◆ Aim of the exercise ◆
Set down every record below exactly as written.
** Excerpted data follows **
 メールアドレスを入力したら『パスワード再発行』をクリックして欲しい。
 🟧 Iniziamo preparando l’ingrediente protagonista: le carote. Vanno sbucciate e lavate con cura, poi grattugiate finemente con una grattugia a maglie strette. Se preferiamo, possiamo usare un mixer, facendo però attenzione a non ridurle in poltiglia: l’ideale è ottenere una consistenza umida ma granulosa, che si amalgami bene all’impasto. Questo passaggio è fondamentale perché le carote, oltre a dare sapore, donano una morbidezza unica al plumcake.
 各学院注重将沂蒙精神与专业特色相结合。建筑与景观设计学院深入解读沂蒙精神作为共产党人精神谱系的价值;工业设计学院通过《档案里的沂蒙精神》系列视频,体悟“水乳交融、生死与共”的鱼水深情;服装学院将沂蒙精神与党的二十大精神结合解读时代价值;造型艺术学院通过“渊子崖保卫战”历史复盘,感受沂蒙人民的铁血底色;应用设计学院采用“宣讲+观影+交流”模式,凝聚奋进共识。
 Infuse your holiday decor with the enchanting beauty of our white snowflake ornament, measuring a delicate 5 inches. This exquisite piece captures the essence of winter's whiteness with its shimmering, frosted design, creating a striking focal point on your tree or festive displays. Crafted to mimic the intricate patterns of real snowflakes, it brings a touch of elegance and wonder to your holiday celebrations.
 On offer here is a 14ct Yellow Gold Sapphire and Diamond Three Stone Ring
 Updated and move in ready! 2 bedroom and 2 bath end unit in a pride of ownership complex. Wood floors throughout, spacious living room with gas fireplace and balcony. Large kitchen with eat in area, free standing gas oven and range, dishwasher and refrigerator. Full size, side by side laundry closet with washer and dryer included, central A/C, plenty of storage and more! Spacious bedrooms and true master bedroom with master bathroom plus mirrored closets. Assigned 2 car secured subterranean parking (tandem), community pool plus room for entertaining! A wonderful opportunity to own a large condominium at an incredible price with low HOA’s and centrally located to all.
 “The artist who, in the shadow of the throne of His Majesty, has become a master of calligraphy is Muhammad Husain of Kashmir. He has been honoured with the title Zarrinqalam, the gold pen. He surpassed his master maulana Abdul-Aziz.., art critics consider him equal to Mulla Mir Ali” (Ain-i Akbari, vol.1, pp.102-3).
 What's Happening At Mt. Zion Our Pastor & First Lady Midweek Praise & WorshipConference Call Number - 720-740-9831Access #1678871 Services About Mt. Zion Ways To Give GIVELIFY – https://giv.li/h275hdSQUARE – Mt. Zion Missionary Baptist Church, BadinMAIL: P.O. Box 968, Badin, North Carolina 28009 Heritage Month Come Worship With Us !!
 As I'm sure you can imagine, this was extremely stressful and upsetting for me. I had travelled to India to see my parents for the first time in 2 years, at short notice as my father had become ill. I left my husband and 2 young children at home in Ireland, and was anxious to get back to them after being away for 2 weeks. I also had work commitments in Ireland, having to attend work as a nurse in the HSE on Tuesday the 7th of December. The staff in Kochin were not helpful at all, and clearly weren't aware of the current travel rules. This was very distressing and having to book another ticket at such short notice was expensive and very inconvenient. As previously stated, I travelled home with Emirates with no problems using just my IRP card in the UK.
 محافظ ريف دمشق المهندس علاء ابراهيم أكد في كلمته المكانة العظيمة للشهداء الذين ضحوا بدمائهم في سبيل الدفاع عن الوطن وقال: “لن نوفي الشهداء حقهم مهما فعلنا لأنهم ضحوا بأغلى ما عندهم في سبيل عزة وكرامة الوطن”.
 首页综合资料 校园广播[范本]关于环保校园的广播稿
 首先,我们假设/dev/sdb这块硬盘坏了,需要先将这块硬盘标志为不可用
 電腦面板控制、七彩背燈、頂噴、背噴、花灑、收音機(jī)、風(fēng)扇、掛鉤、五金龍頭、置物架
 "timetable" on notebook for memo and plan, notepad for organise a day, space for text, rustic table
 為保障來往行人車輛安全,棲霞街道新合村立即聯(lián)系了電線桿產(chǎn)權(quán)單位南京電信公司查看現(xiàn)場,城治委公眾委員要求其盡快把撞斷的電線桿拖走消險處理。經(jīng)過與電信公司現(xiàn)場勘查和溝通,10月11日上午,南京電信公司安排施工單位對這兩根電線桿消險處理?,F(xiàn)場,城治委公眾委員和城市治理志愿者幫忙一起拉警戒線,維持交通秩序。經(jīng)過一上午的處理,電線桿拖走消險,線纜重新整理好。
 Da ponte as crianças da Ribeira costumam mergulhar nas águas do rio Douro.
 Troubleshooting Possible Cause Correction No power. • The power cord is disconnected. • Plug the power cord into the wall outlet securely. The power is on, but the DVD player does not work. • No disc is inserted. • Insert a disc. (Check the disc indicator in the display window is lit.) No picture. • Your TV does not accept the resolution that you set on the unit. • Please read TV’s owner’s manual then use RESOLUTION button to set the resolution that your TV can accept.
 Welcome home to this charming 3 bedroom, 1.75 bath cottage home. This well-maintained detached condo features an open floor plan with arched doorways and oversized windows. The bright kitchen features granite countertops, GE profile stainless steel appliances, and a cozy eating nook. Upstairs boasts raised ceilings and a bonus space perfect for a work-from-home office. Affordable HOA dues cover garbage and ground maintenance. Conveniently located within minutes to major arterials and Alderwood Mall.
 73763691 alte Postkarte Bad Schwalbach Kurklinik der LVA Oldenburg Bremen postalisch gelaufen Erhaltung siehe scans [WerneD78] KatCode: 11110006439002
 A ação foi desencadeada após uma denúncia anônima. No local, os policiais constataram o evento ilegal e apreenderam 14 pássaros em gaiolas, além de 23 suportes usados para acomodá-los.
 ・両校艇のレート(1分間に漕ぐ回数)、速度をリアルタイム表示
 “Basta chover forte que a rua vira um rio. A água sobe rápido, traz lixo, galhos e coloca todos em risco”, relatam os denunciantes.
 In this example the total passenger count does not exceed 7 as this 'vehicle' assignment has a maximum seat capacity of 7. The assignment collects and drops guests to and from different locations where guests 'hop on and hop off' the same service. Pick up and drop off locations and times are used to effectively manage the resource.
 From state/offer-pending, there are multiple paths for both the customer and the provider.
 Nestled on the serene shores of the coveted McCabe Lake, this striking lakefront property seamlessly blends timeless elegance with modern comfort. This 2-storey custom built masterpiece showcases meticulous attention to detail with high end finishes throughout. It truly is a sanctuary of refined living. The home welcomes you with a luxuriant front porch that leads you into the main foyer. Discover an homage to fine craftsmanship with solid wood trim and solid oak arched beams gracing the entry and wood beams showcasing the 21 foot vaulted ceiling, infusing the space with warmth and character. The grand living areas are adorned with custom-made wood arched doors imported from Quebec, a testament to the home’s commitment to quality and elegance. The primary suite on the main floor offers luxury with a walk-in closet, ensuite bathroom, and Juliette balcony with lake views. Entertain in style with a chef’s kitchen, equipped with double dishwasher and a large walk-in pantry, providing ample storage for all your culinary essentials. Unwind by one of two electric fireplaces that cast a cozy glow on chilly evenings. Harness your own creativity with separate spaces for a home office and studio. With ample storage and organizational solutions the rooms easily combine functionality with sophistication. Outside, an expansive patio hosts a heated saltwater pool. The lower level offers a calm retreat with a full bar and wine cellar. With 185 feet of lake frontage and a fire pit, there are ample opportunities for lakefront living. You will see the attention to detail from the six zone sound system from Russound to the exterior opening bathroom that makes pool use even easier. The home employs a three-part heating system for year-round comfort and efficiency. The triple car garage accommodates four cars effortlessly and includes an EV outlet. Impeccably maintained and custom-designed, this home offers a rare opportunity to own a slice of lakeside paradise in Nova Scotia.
** End of Excerpted data **
◆ The completed task ◆
 メールアドレスを入力したら『パスワード再発行』をクリックして欲しい。
 🟧 Iniziamo preparando l’ingrediente protagonista: le carote. Vanno sbucciate e lavate con cura, poi grattugiate finemente con una grattugia a maglie strette. Se preferiamo, possiamo usare un mixer, facendo però attenzione a non ridurle in poltiglia: l’ideale è ottenere una consistenza umida ma granulosa, che si amalgami bene all’impasto. Questo passaggio è fondamentale perché le carote, oltre a dare sapore, donano una morbidezza unica al plumcake.
 各学院注重将沂蒙精神与专业特色相结合。建筑与景观设计学院深入解读沂蒙精神作为共产党人精神谱系的价值;工业设计学院通过《档案里的沂蒙精神》系列视频,体悟“水乳交融、生死与共”的鱼水深情;服装学院将沂蒙精神与党的二十大精神结合解读时代价值;造型艺术学院通过“渊子崖保卫战”历史复盘,感受沂蒙人民的铁血底色;应用设计学院采用“宣讲+观影+交流”模式,凝聚奋进共识。
 Infuse your holiday decor with the enchanting beauty of our white snowflake ornament, measuring a delicate 5 inches. This exquisite piece captures the essence of winter's whiteness with its shimmering, frosted design, creating a striking focal point on your tree or festive displays. Crafted to mimic the intricate patterns of real snowflakes, it brings a touch of elegance and wonder to your holiday celebrations.
 On offer here is a 14ct Yellow Gold Sapphire and Diamond Three Stone Ring
 Updated and move in ready! 2 bedroom and 2 bath end unit in a pride of ownership complex. Wood floors throughout, spacious living room with gas fireplace and balcony. Large kitchen with eat in area, free standing gas oven and range, dishwasher and refrigerator. Full size, side by side laundry closet with washer and dryer included, central A/C, plenty of storage and more! Spacious bedrooms and true master bedroom with master bathroom plus mirrored closets. Assigned 2 car secured subterranean parking (tandem), community pool plus room for entertaining! A wonderful opportunity to own a large condominium at an incredible price with low HOA’s and centrally located to all.
 “The artist who, in the shadow of the throne of His Majesty, has become a master of calligraphy is Muhammad Husain of Kashmir. He has been honoured with the title Zarrinqalam, the gold pen. He surpassed his master maulana Abdul-Aziz.., art critics consider him equal to Mulla Mir Ali” (Ain-i Akbari, vol.1, pp.102-3).
 What's Happening At Mt. Zion Our Pastor & First Lady Midweek Praise & WorshipConference Call Number - 720-740-9831Access #1678871 Services About Mt. Zion Ways To Give GIVELIFY – https://giv.li/h275hdSQUARE – Mt. Zion Missionary Baptist Church, BadinMAIL: P.O. Box 968, Badin, North Carolina 28009 Heritage Month Come Worship With Us !!
 As I'm sure you can imagine, this was extremely stressful and upsetting for me. I had travelled to India to see my parents for the first time in 2 years, at short notice as my father had become ill. I left my husband and 2 young children at home in Ireland, and was anxious to get back to them after being away for 2 weeks. I also had work commitments in Ireland, having to attend work as a nurse in the HSE on Tuesday the 7th of December. The staff in Kochin were not helpful at all, and clearly weren't aware of the current travel rules. This was very distressing and having to book another ticket at such short notice was expensive and very inconvenient. As previously stated, I travelled home with Emirates with no problems using just my IRP card in the UK.
 محافظ ريف دمشق المهندس علاء ابراهيم أكد في كلمته المكانة العظيمة للشهداء الذين ضحوا بدمائهم في سبيل الدفاع عن الوطن وقال: “لن نوفي الشهداء حقهم مهما فعلنا لأنهم ضحوا بأغلى ما عندهم في سبيل عزة وكرامة الوطن”.
 首页综合资料 校园广播[范本]关于环保校园的广播稿
 首先,我们假设/dev/sdb这块硬盘坏了,需要先将这块硬盘标志为不可用
 電腦面板控制、七彩背燈、頂噴、背噴、花灑、收音機(jī)、風(fēng)扇、掛鉤、五金龍頭、置物架
 "timetable" on notebook for memo and plan, notepad for organise a day, space for text, rustic table
 為保障來往行人車輛安全,棲霞街道新合村立即聯(lián)系了電線桿產(chǎn)權(quán)單位南京電信公司查看現(xiàn)場,城治委公眾委員要求其盡快把撞斷的電線桿拖走消險處理。經(jīng)過與電信公司現(xiàn)場勘查和溝通,10月11日上午,南京電信公司安排施工單位對這兩根電線桿消險處理?,F(xiàn)場,城治委公眾委員和城市治理志愿者幫忙一起拉警戒線,維持交通秩序。經(jīng)過一上午的處理,電線桿拖走消險,線纜重新整理好。
 Da ponte as crianças da Ribeira costumam mergulhar nas águas do rio Douro.
 Troubleshooting Possible Cause Correction No power. • The power cord is disconnected. • Plug the power cord into the wall outlet securely. The power is on, but the DVD player does not work. • No disc is inserted. • Insert a disc. (Check the disc indicator in the display window is lit.) No picture. • Your TV does not accept the resolution that you set on the unit. • Please read TV’s owner’s manual then use RESOLUTION button to set the resolution that your TV can accept.
 Welcome home to this charming 3 bedroom, 1.75 bath cottage home. This well-maintained detached condo features an open floor plan with arched doorways and oversized windows. The bright kitchen features granite countertops, GE profile stainless steel appliances, and a cozy eating nook. Upstairs boasts raised ceilings and a bonus space perfect for a work-from-home office. Affordable HOA dues cover garbage and ground maintenance. Conveniently located within minutes to major arterials and Alderwood Mall.
 73763691 alte Postkarte Bad Schwalbach Kurklinik der LVA Oldenburg Bremen postalisch gelaufen Erhaltung siehe scans [WerneD78] KatCode: 11110006439002
 A ação foi desencadeada após uma denúncia anônima. No local, os policiais constataram o evento ilegal e apreenderam 14 pássaros em gaiolas, além de 23 suportes usados para acomodá-los.
 ・両校艇のレート(1分間に漕ぐ回数)、速度をリアルタイム表示
 “Basta chover forte que a rua vira um rio. A água sobe rápido, traz lixo, galhos e coloca todos em risco”, relatam os denunciantes.
 In this example the total passenger count does not exceed 7 as this 'vehicle' assignment has a maximum seat capacity of 7. The assignment collects and drops guests to and from different locations where guests 'hop on and hop off' the same service. Pick up and drop off locations and times are used to effectively manage the resource.
 From state/offer-pending, there are multiple paths for both the customer and the provider.
 Nestled on the serene shores of the coveted McCabe Lake, this striking lakefront property seamlessly blends timeless elegance with modern comfort. This 2-storey custom built masterpiece showcases meticulous attention to detail with high end finishes throughout. It truly is a sanctuary of refined living. The home welcomes you with a luxuriant front porch that leads you into the main foyer. Discover an homage to fine craftsmanship with solid wood trim and solid oak arched beams gracing the entry and wood beams showcasing the 21 foot vaulted ceiling, infusing the space with warmth and character. The grand living areas are adorned with custom-made wood arched doors imported from Quebec, a testament to the home’s commitment to quality and elegance. The primary suite on the main floor offers luxury with a walk-in closet, ensuite bathroom, and Juliette balcony with lake views. Entertain in style with a chef’s kitchen, equipped with double dishwasher and a large walk-in pantry, providing ample storage for all your culinary essentials. Unwind by one of two electric fireplaces that cast a cozy glow on chilly evenings. Harness your own creativity with separate spaces for a home office and studio. With ample storage and organizational solutions the rooms easily combine functionality with sophistication. Outside, an expansive patio hosts a heated saltwater pool. The lower level offers a calm retreat with a full bar and wine cellar. With 185 feet of lake frontage and a fire pit, there are ample opportunities for lakefront living. You will see the attention to detail from the six zone sound system from Russound to the exterior opening bathroom that makes pool use even easier. The home employs a three-part heating system for year-round comfort and efficiency. The triple car garage accommodates four cars effortlessly and includes an EV outlet. Impeccably maintained and custom-designed, this home offers a rare opportunity to own a slice of lakeside paradise in Nova Scotia.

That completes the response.